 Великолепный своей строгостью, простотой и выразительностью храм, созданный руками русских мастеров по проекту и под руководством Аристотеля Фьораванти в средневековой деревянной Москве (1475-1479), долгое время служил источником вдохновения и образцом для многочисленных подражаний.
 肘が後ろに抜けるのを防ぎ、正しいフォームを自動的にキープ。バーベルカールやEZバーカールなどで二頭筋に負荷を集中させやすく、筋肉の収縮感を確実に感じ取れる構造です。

§ §

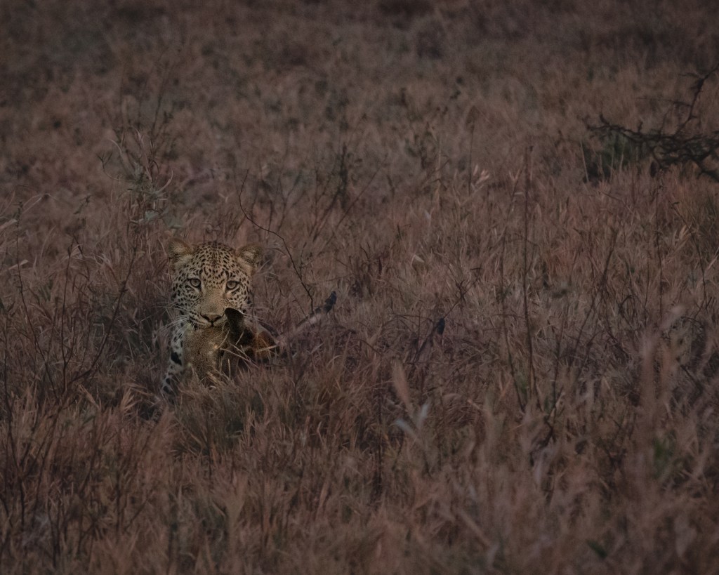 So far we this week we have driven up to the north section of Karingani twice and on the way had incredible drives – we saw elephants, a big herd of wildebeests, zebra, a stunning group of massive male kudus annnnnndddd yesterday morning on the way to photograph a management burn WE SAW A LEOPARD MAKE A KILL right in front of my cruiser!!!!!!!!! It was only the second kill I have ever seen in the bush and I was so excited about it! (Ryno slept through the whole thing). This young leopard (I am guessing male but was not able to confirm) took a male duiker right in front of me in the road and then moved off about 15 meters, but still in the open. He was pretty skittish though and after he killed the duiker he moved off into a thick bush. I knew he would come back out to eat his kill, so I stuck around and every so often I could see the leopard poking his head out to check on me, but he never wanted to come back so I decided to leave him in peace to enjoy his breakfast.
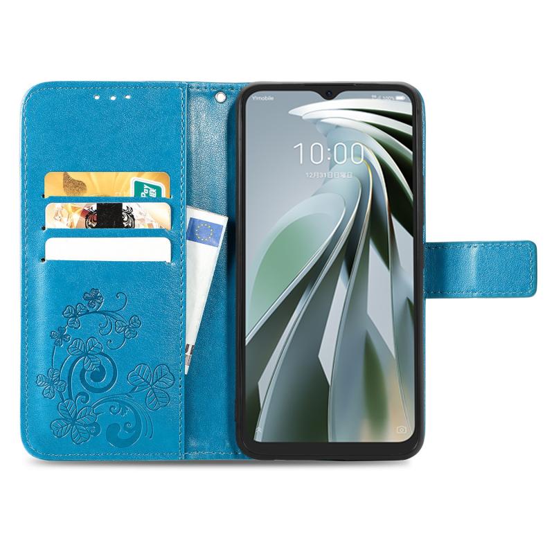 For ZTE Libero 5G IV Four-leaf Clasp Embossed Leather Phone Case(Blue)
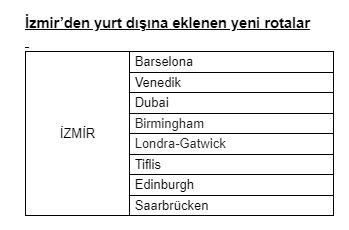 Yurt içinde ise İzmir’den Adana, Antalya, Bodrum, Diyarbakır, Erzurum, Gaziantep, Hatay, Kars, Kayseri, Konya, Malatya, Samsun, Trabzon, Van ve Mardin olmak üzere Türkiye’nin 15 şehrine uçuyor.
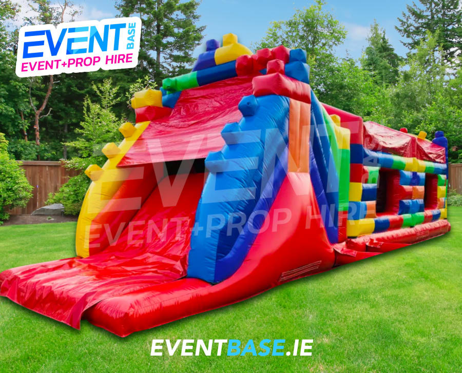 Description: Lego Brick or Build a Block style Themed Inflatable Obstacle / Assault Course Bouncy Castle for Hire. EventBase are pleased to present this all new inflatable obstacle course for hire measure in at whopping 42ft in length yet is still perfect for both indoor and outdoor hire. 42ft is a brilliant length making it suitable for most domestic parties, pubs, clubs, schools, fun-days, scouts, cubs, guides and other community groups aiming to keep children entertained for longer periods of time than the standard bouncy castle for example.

§ §

### WHAT YOU ARE ASKED TO DO
Your answer should consist of the lines from the line with "Великолепный своей строгостью, простотой" to the line with "肘が後ろに抜けるのを防ぎ、正" above, repeated exactly, both ends included.

### SOLUTION FOR THIS PROBLEM
 Великолепный своей строгостью, простотой и выразительностью храм, созданный руками русских мастеров по проекту и под руководством Аристотеля Фьораванти в средневековой деревянной Москве (1475-1479), долгое время служил источником вдохновения и образцом для многочисленных подражаний.
 肘が後ろに抜けるのを防ぎ、正しいフォームを自動的にキープ。バーベルカールやEZバーカールなどで二頭筋に負荷を集中させやすく、筋肉の収縮感を確実に感じ取れる構造です。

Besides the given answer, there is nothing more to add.